6.5 Long-lived connections: WebSocket, SSE, gRPC

Resource profile:

  • concurrency high.
  • memory and FD matter.
  • request rate may be low while connection count is high.
  • timeout must match heartbeat behavior.

Primary levers:

proxy_http_version 1.1;
proxy_set_header Upgrade $http_upgrade;
proxy_set_header Connection $connection_upgrade;
proxy_read_timeout 1h;
proxy_buffering off;

Caution:

  • worker_connections must be sized for concurrent open connections, not RPS.
  • Load balancer algorithms behave differently for long-lived sessions.
  • Idle timeout mismatch creates false disconnect incidents.

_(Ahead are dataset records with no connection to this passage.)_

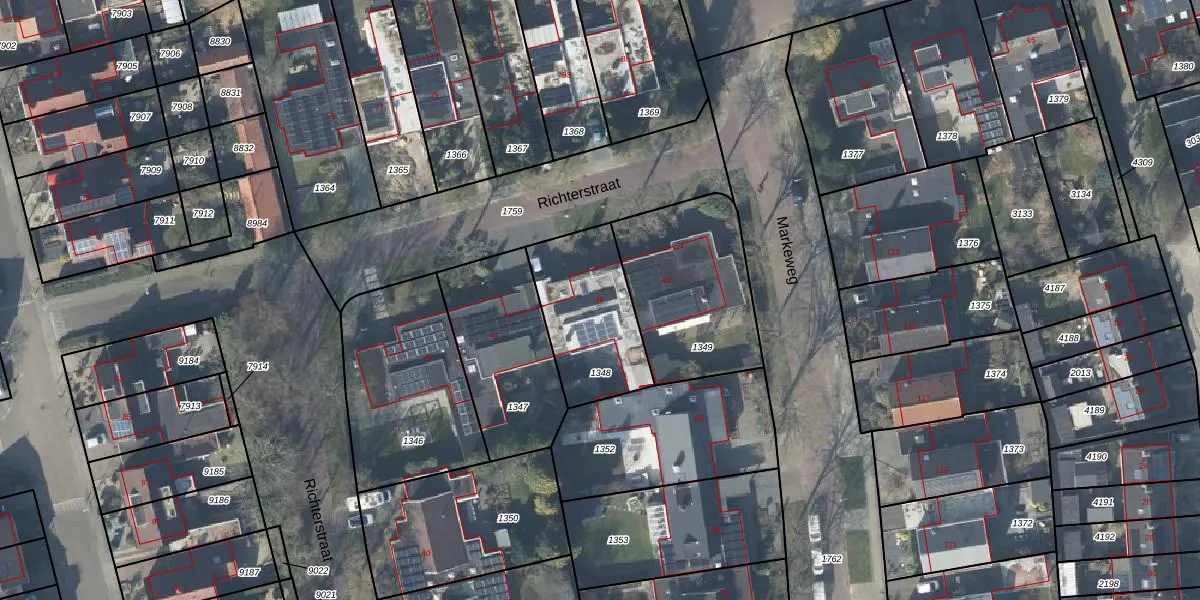 Het perceel waarop Richterstraat 46 staat heeft een oppervlakte van 415 m². Dit is een groot perceel. De perceeloppervlakte wordt geregistreerd door het Kadaster. Gedetailleerde informatie over de maten van dit perceel kunt u vinden in het rapport Kadastrale kaart met maatvoering van Richterstraat 46.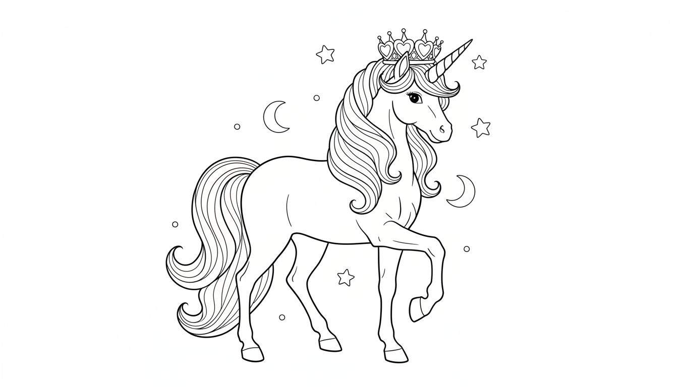 Ontdek deze betoverende zwart-wit lijntekening van een elegante eenhoorn met een fonkelende kroon, omringd door sterren en halve manen. Perfect als kleurplaat voor jong en oud om een magische wereld tot leven te brengen met verf of potloden.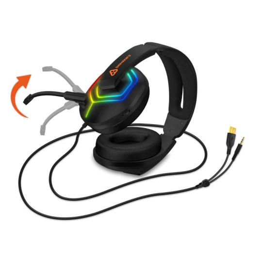 Sluchátka jsou vybavena RGB Rainbow podsvícením, ovládáním hlasitosti, sklápěcím mikrofonem a oblíbenými pozlacenými konektory. V balení najdete i 3.5 mm jack adaptér pro maximální kompatibilitu.
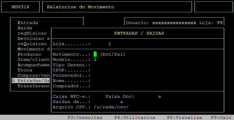 | Localização: | Adm Materiais / Gestao de Estoque / Gerenciamento Filial / Entradas e Saidas / Relatorios / Entradas-saídas |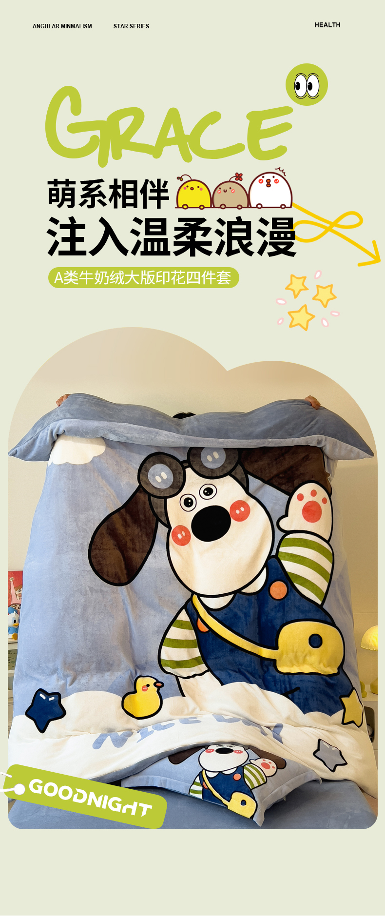 (总)丝羽坊 2025新款A类潮款加厚牛奶绒四件套,软萌宝贝,奶芙猫咪,蓝调汪汪,萌趣玩偶,灰调萌犬,抱抱熊,彩色蝴蝶结,粉粉喵窝,花裙女孩,紫色喵影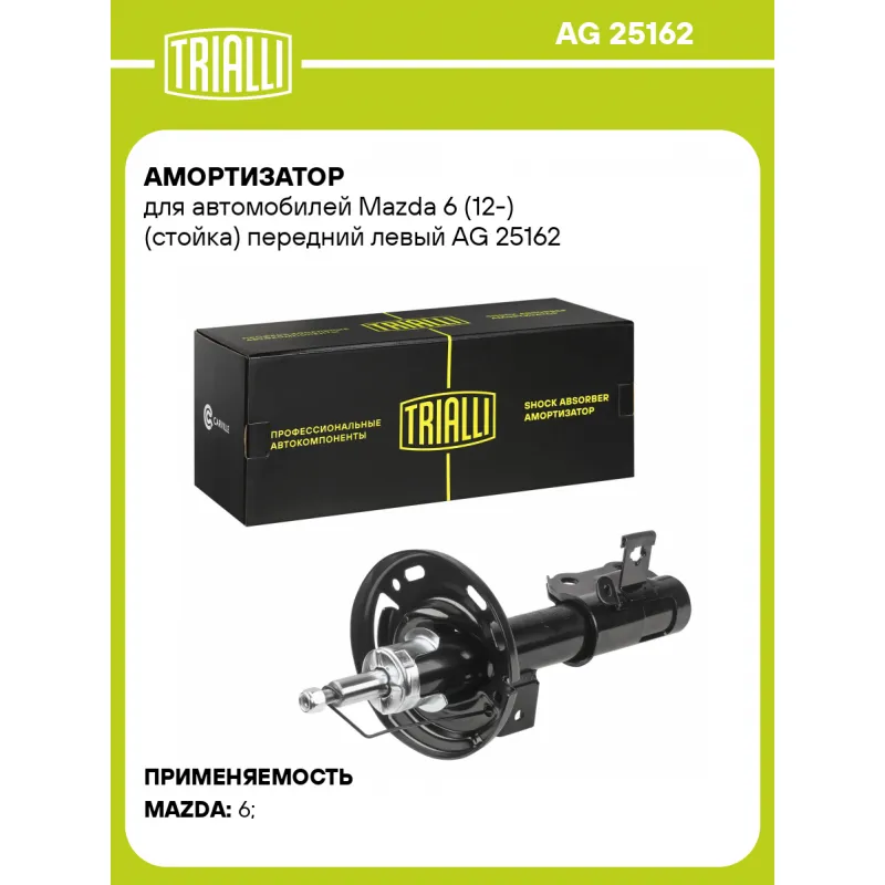 Амортизатор для автомобилей Mazda 6 (12-) (стойка) передний левый Описание: Амортизатор AG 25162 бренда TRIALLI – это устройство для гашения колебаний (демпфирования) и поглощения толчков и ударов, действующих на раму. Особенности AG 25162: - Вид – Масляный с газовым подпором низкого давления; - Тип – Двухтрубный, гидравлический; Для крепления к деталям кузова или подвески используются крепления: верхнее Шток M12x1,25; и нижнее Скоба. Амортизатор в машину (стойка) имеет специальную площадку для установки пружины подвески. Совместим с: MAZDA 6.Подбор по VIN-номеру вашего автомобиля - через кнопку 'Задать вопрос'. Специалист проверит применяемость и ответит вам. Преимущества: - Инновационная технология производства; - Контроль качества каждой позиции по чертежам и с помощью 3D модели; - Сальник NOK; - Высокоэффективная система проектирования; - Гарантия до двух лет или 60 000 км пробега; Амортизаторы автомобильные существенно влияют на комфорт вождения, сокращая вибрации от неровностей дороги, что делает поездку более плавной и приятной. Регулярное и своевременное обслуживание амортизаторов помогут продлить их срок службы и обеспечить надёжную работу. Характеристики: Артикул: AG 25162 OEM номера: GHP934900A, GHP934900B, GHT634900A, GJR934900, GJR934900C Товарная линейка: BLACK Парный товар: AG 25363 Количество на автомобиль: 1 Вид амортизатора: Масляный с газовым подпором низкого давления Тип верхнего крепления: Шток Тип нижнего крепления: Скоба Диаметр корпуса, мм: 50 Диаметр штока, мм: 22 Ход штока, мм: 201 Размер резьбы штока: M12x1,25 Тип амортизатора: Двухтрубный, гидравлический Ось (сторона установки): Сзади, слева Дополнительная информация: Упаковка изделия может отличаться от представленной на фото Присоединительная длина 2, мм: 539 Присоединительная длина 1, мм: 338 Сопутствующий товар: Амортизаторы: AG 25363 Гарантийный срок: 2 года/60 000 км Комплектация: Гайка крепежная - 1 шт Амортизатор передний - 1 шт Гарантия: от 1 года.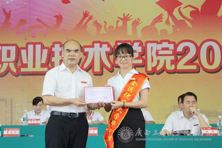 (覃武云書記為優秀畢業生頒發證書)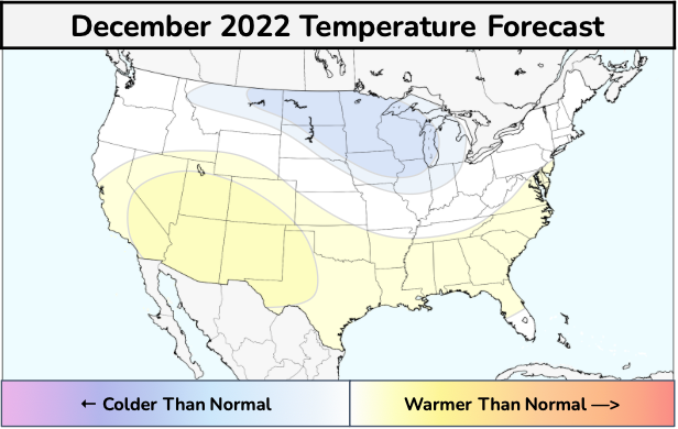 One of the more complex December forecasts in the last decade, our current forecast calls for a colder than normal pattern across the Northern Plains and Great Lakes with the possibility of substantially colder than normal conditions in the Dakotas, Minnesota and the Upper Midwest at times. Meanwhile, warmer than normal temperatures are expected from the Desert Southwest into the Southern Plains and Southeast States. An active storm track is forecast from the MS Valley into the Ohio Valley and Northeast states.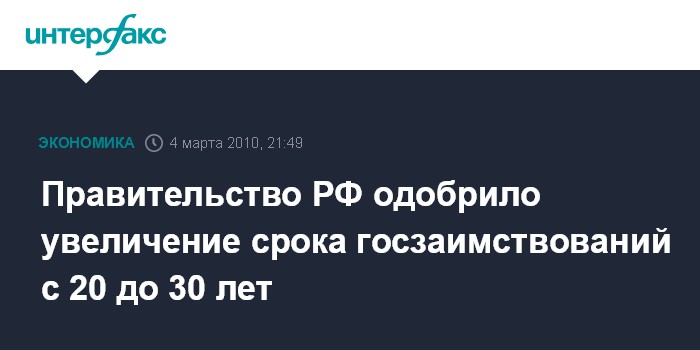 Москва. 4 марта. INTERFAX.RU - Правительство РФ на заседании в четверг одобрило поправки в закон "О федеральном бюджете на 2010 год и плановый период 2011-2012 годов", предусматривающие увеличение срока государственных заимствований с 20 лет до 30 лет, сообщил агентству "Интерфакс-АФИ" замминистра финансов РФ Дмитрий Панкин. Таким образом, уже в этом году Россия сможет выпускать 30-летние облигации.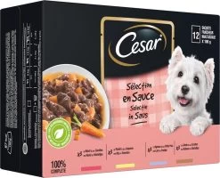 Cesar Selectie In Saus Maaltijdzakjes Honden Natvoer – Vlees En Groenten In Saus – 48 X 100 Gr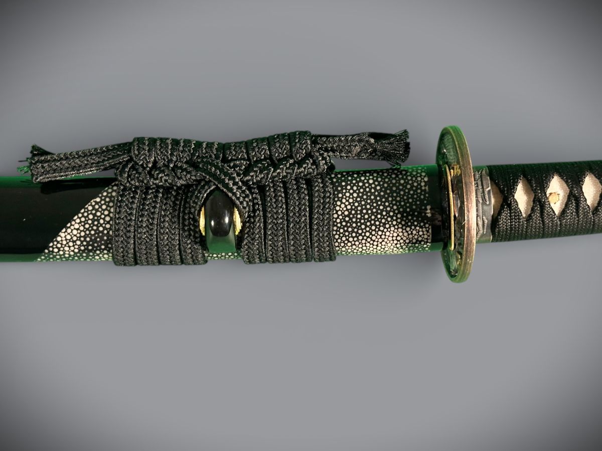 - Der Griff (Tsuka) ist aus Holz, mit echter Rochenhaut (Same) belegt

7. Worker sizing is not capacity planning

Common formula:

max_connections ≈ worker_processes × worker_connections

This is incomplete.

Why?

  1. Reverse proxy uses client-side and upstream-side sockets.
  2. Idle keepalive connections also consume FDs.
  3. Files, logs, cache files, temp files, and eventfd/timerfd also consume FDs.
  4. OS limits may cap process FDs.
  5. Backend capacity may be lower than NGINX socket capacity.
  6. Memory per connection may become boundary before FD limit.

A safer mental model:

required_fds ≈ client_connections
             + upstream_connections
             + idle_upstream_keepalive
             + open_files
             + logs
             + cache/temp files
             + safety_margin

For reverse proxy, a rough upper bound under heavy active proxying:

fd_needed ≈ active_client_connections × 2 + idle_keepalive + files + margin

Example:

20.000 active client connections
15.000 active upstream connections
2.000 idle upstream keepalive
1.000 file/log/cache/temp margin
------------------------------------------------
≈ 38.000 FD required

Setting worker_connections 65535 without raising OS limits and backend limits only creates a false sense of capacity.


8. Queueing: latency rises before failure

A system near saturation does not fail instantly. It queues.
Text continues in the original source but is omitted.